§ **Instructions to follow**
Your copy should contain exactly the lines from the one that holds "Work-grade Bristol Vinyl" through the end of the material, reproduced as written, with no pictures.

▼

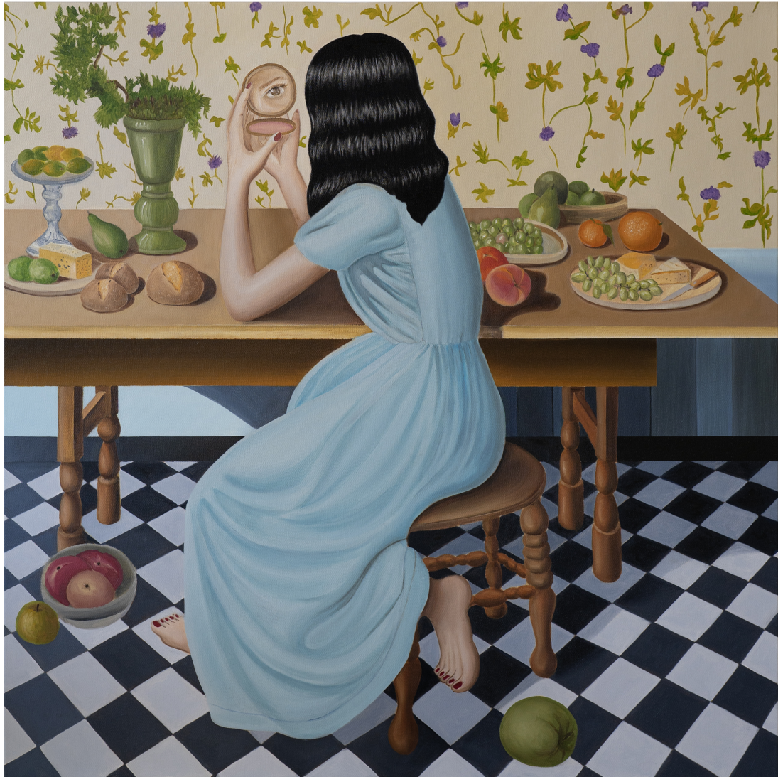
Title - "Liminal" Year - 2025

Medium and surface - Oil on canvas Dimensions - 76 x 76 cm
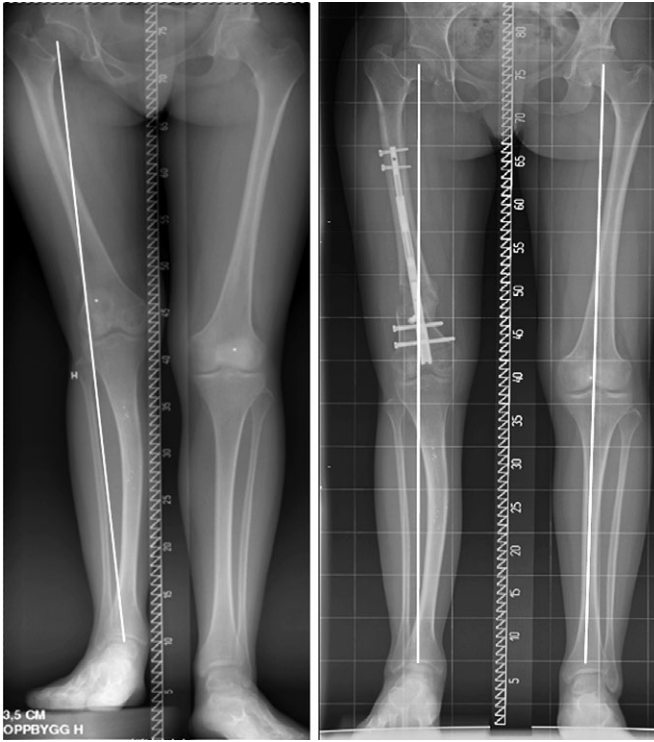
Figure 1. 20-year-old woman with CFD and fibular hemimelia. Initial shortening and valgus in the femur and valgus in the tibia. Femoral valgus and shortening were corrected with the retrograde nail technique; some remaining knee valgus due to deformity in the tibia. However, acceptable mechanical axis and currently no further surgery required. High-riding trochanter, but no Trendelenburg gait.
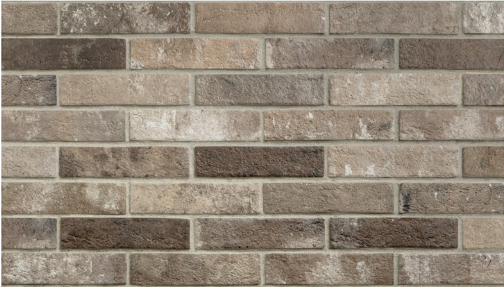
6cm x 25cm (2.3" x 10")
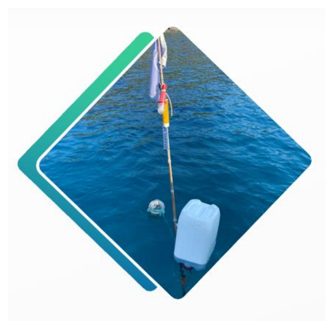
Fig.3: E-GEAR tag fishing data close to anchored fishing net
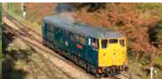
Class 31 31430 'Sister Dora'
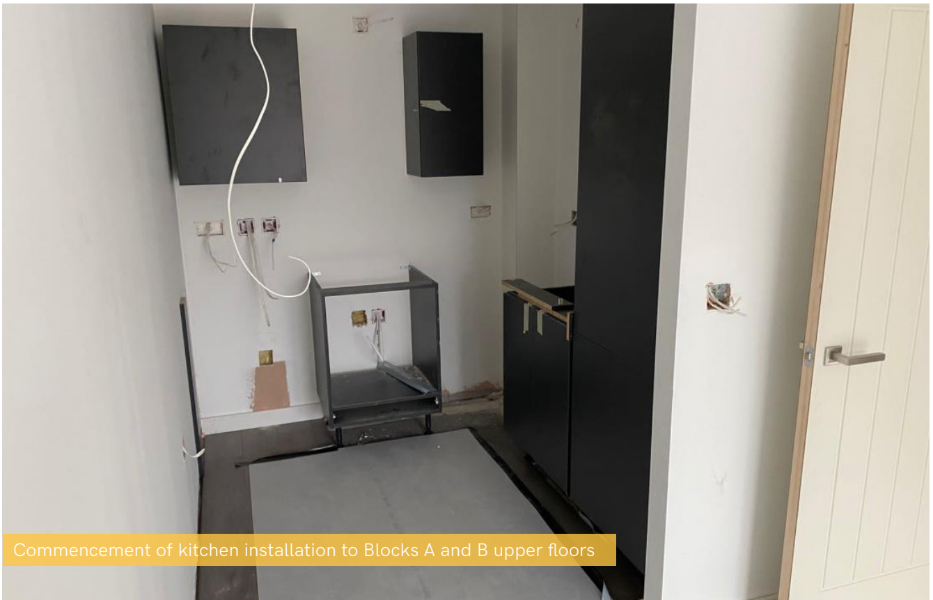
Commencement of kitchen installation to Blocks A and B upper floors
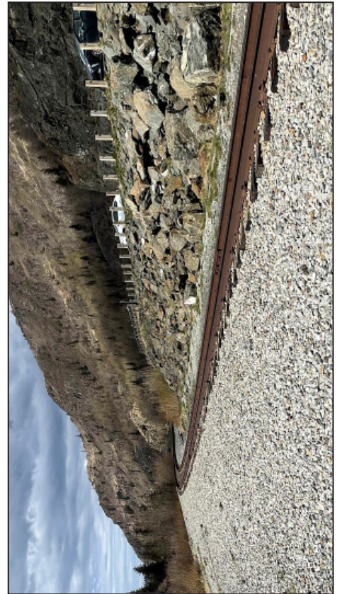
From Beluga Point, looking west, the track presents a blind curve for both pedestrians and trains.
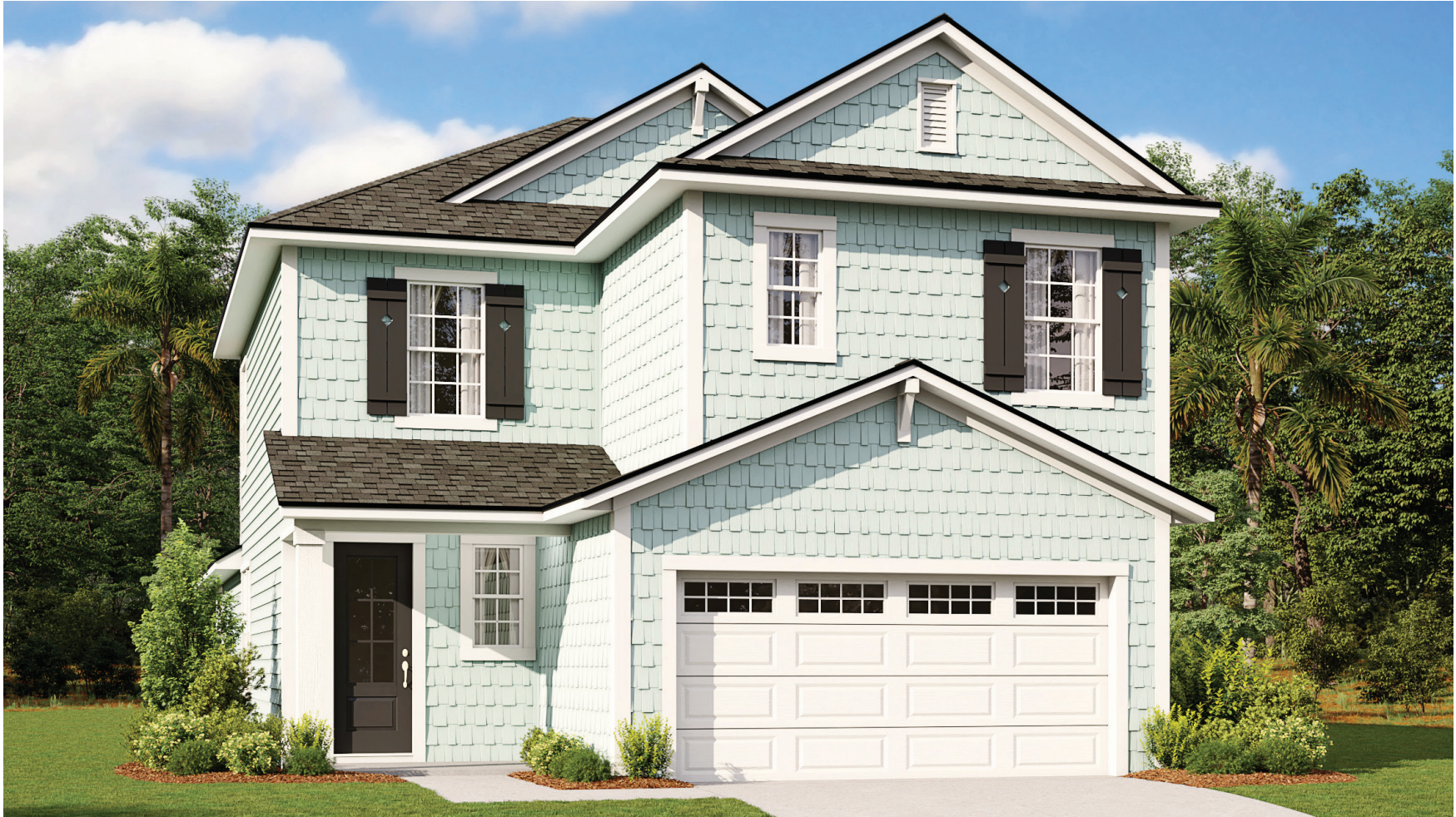
CAPE COD ELEVATION #7
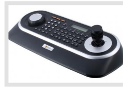
KBD-2USB | SKU: 217652
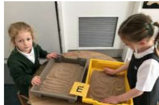
Practising our letters and correct formation.
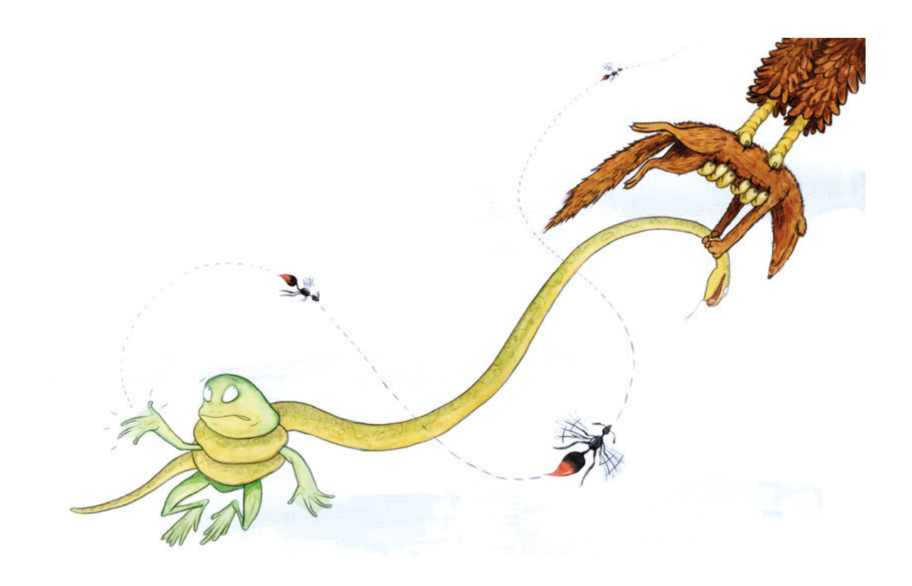
<t <cb p&oJ <t [t& ooc.
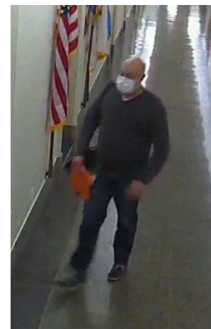
(Still shot photos taken from surveillance video)
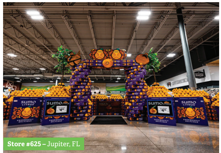
Store #625 – Jupiter, FL
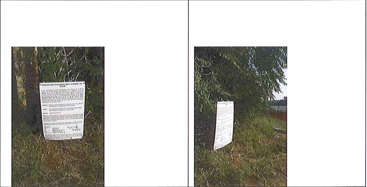
Notice 2 placed on South East boundary of property (facing R24)
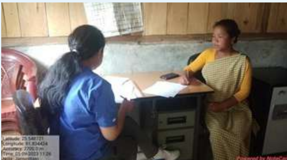
Data and signatures were collected for computerisation of Mawthwan IVCS, Jamynthlen IVCS, Mawlumrum IVCS, and Dongiewrim IVCS under Mawphlang and Sohiong C&RD Block.
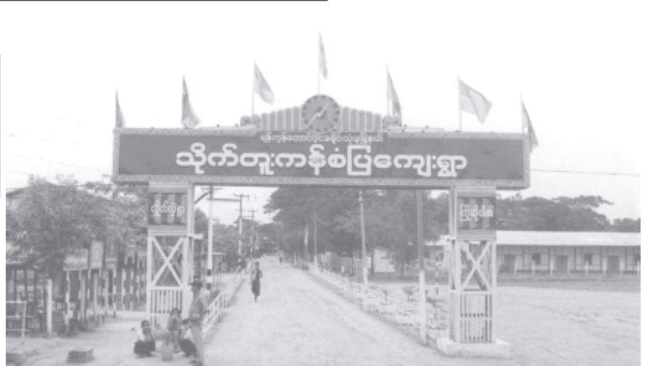
Development undertakings have been carried out in Thaiktugan model village, Thogwa Township, Yangon Division.
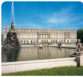
Herrenchiemsee Palace Guided Visit
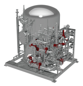
Sprinkler with Water Vessel
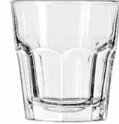
Rocks No. 15242 + 9 oz./26.6 cl./266 ml. H3½ T3½ B2½ D3½ 3 doz./22# • 1.07 cu.ft. SCC 733187 TRAEX TR-6A □
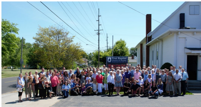
First Baptist, Stryker, 150th Anniversary Celebration

The members of First Baptist in Stryker welcomed friends and neighbors from the community and literally around the world for a special two-day celebration of a very significant milestone – 150 years as an organized church! The church was planted in 1869 by French-speaking immigrants after 12 new believers were baptized over a span of two years. The church remained French-speaking until early in the 20th century. The two-day event included testimonies from former pastors and missionaries, both present and via video and letters, special music, food, fellowship, panel discussions with long-time and newer members, and special activities including an historically-themed scavenger hunt. Most importantly, the gospel was clearly proclaimed by a number of special speakers around the theme, “Together by Grace: Past, Present, and Future (I Corinthians 15:1-2).”
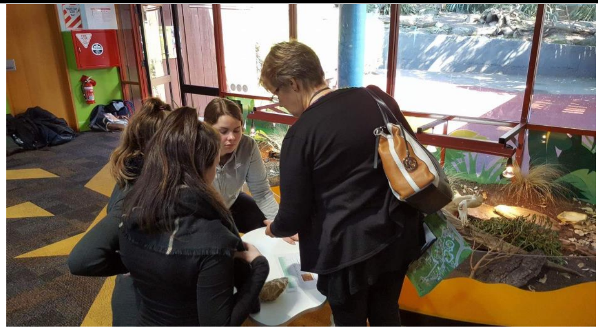
The Year 13 Biology students enjoyed the annual trip to Wellington Zoo. They had talks from the zoo staff on human evolution and animal behaviour followed by a guided tour to see some of the animals.

The students were given enrichment activities by our zoo educator and they now have plenty of examples to use in their upcoming assessments.
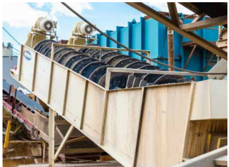
06/ SINGLE OR TWIN SCREWS
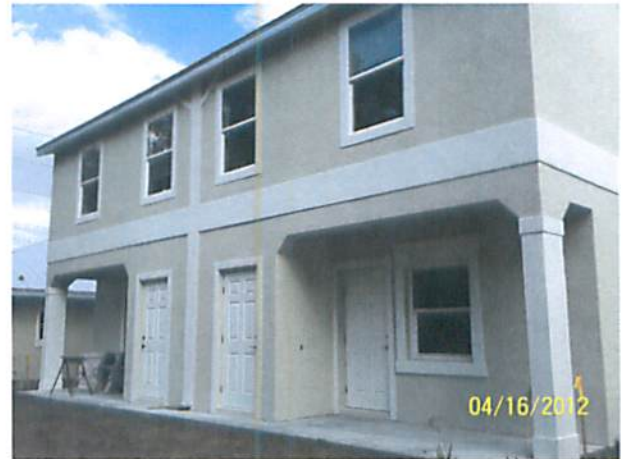
REAR VIEW 4-16-12
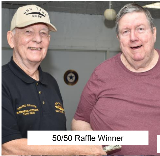
50/50 Raffle Winner
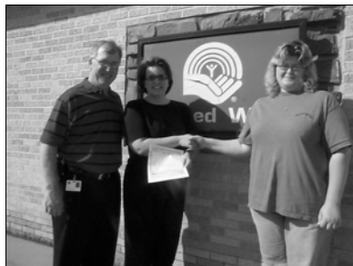
Georgia Pacific check presentation
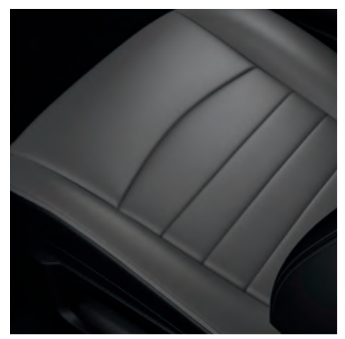
Work-grade Bristol Vinyl Diesel Gray/Black Tradesman® and Express
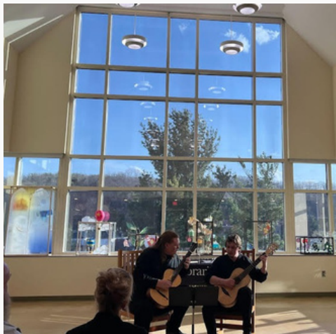
Ophee Collection Guitar Concert

▲

§ **Your response**
Work-grade Bristol Vinyl Diesel Gray/Black Tradesman® and Express
Ophee Collection Guitar Concert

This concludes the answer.